My prediction is that, above all else, two specific things about this debut will make the most immediate impact on listeners. First, with trips to North Virginia, New England, Las Vegas, Abilene, Corinth, Tennessee, and Carolina, Presenting The Great Unknowns puts on more miles than a record of truck driving songs. (Just a theory, but all this highway talk could be related to the fact that songwriter and vocalist Becky Warren lives in Statesboro, Georgia, while the other three band members are in Boston.)
Second, the music that fuels these road trips frequently sounds like the work of an extraordinarily good tribute band, Sweet Old Gravel Road: The Lucinda Williams Experience. This strong similarity is most striking on “Forever”, all weathered vocals, accordion, and damaged hearts; its opening line, “Since you’ve been gone, my heart is a fist,” even sounds like it could have two-stepped off Williams’ self-titled record.

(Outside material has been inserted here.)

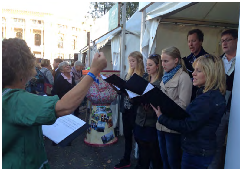
Svenska kyrkans kör lockade många åskådare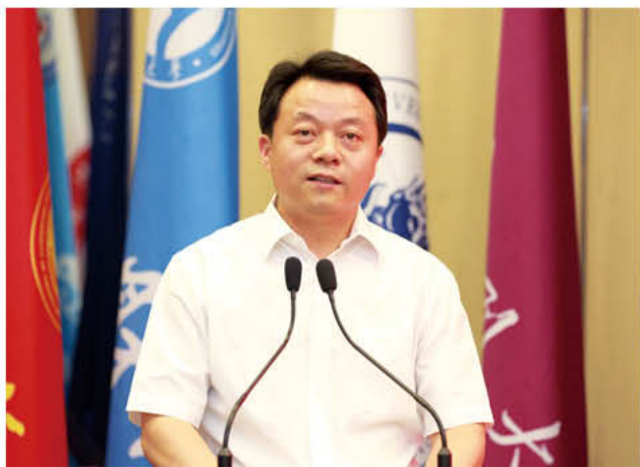
团中央书记处书记傅振邦讲话

为贯彻落实中央群团工作会议精神，推进财经类高校共青团工作的建设与发展，经团中央书记处同意，由我校发起成立全国财经类高校共青团工作联盟。2016年6月1日，全国财经类高校共青团工作联盟成立仪式及相关工作会议在我校举行。团中央书记处书记傅振邦，中央金融团工委书记郭鸿，团中央学校部副部长李骥，中央财经大学党委书记傅绍林，中央财经大学党委常委、校长助理朱凌云，中国工商银行创新管理部处长陈铁钢，来自全国25

Despite this second quirk — or, more likely, because of it — I can’t stop playing this disc. Warren’s songwriting is evocative and richly detailed throughout (“You can’t make it in this town without leather for bones and a conscience of stone” is one rather Townes-ian example), and guitarist Michael Powell’s experience in the power-pop band Invisible Downtown seems to have brought an exceptional crispness and hookiness to the Great Unknown’s rootsy rock.
Thus, I walk around singing the “When I Was Your Girl” chorus from the fine song of the same name, earning strange looks from my wife and proving that the album has made a home in my head, and quite possibly in my heart.